News

Just Six Little Words

Obama’s efforts to woo evangelical voters may not be as clear cut as they seem.

Christianity Today July 5, 2008

Sen. Barack Obama told reporters Saturday that he is optimistic about winning the evangelical vote in November.

“If we show up, if we let folks know that we’re interested in them and we share a lot of common values, then we’re not going to win 100 percent of the evangelical vote. We might not even win 50 percent of the evangelical vote. But we will at least take some of the sharp edges off this divide that’s existed in our politics.

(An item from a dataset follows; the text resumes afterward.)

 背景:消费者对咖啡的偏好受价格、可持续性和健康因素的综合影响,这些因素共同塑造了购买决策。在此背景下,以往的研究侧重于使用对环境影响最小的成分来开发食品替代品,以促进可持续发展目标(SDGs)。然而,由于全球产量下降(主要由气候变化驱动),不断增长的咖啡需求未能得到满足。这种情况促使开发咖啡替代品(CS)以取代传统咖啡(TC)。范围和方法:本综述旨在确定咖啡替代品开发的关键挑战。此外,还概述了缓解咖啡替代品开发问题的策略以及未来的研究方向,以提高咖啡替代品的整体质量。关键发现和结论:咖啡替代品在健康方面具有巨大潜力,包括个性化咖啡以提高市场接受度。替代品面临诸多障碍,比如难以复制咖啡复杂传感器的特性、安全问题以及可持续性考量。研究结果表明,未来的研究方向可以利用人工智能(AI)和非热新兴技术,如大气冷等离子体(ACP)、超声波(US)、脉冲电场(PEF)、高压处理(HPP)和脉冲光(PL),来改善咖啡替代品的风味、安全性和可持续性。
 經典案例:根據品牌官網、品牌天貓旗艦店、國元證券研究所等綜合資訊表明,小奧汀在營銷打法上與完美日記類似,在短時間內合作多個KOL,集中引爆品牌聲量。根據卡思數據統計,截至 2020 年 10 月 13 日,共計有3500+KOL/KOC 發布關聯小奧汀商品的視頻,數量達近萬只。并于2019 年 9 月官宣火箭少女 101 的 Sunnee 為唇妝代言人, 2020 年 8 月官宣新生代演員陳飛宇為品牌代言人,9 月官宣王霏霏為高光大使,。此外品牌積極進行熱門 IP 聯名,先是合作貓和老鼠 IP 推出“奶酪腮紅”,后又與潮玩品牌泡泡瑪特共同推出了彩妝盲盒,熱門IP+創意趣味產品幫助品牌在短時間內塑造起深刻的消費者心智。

And that hopefully will allow people to listen to each other, and that will help me govern over the long term.”

Obama promised Saturday that he will make “faith-based” social service “a moral center of my administration,” according to Jonathan Weisman of the Washington Post.

Barack Obama
Barack Obama

Earlier this week, Obama announced that he would increase funds for the office of Faith-Based and Community Initiatives. Although reporters called it an effort to reach out to evangelicals, Peter Steinfels at The New York Times outlines how Obama’s speech included six little words that sparked the dispute.

“First,” Obama said, “if you get a federal grant, you can’t use that grant money to proselytize to the people you help, and you can’t discriminate against them – or against the people you hire – on the basis of their religion.”

That little phrase between the dashes – “or against the people you hire” – ignited a political explosion, Seinfeld wrote.

There has been an ongoing debate over whether faith-based organizations can discriminate in hiring based on applicants’ religious beliefs, a nonnegotiable for many evangelical social-service providers.

When asked whether he would keep the office open, Obama told Christianity Today in January that he wants to see how the moneys have been allocated.

“One of the things that I think churches have to be mindful of is that if the federal government starts paying the piper, then they get to call the tune,” Obama told CT. “It can, over the long term, be an encroachment on religious freedom.”

Sen. John McCain’s spokesperson, Brett O’Donnell, told CT that the Arizona candidate wants faith-based groups to “have at least the same standing as they have now.”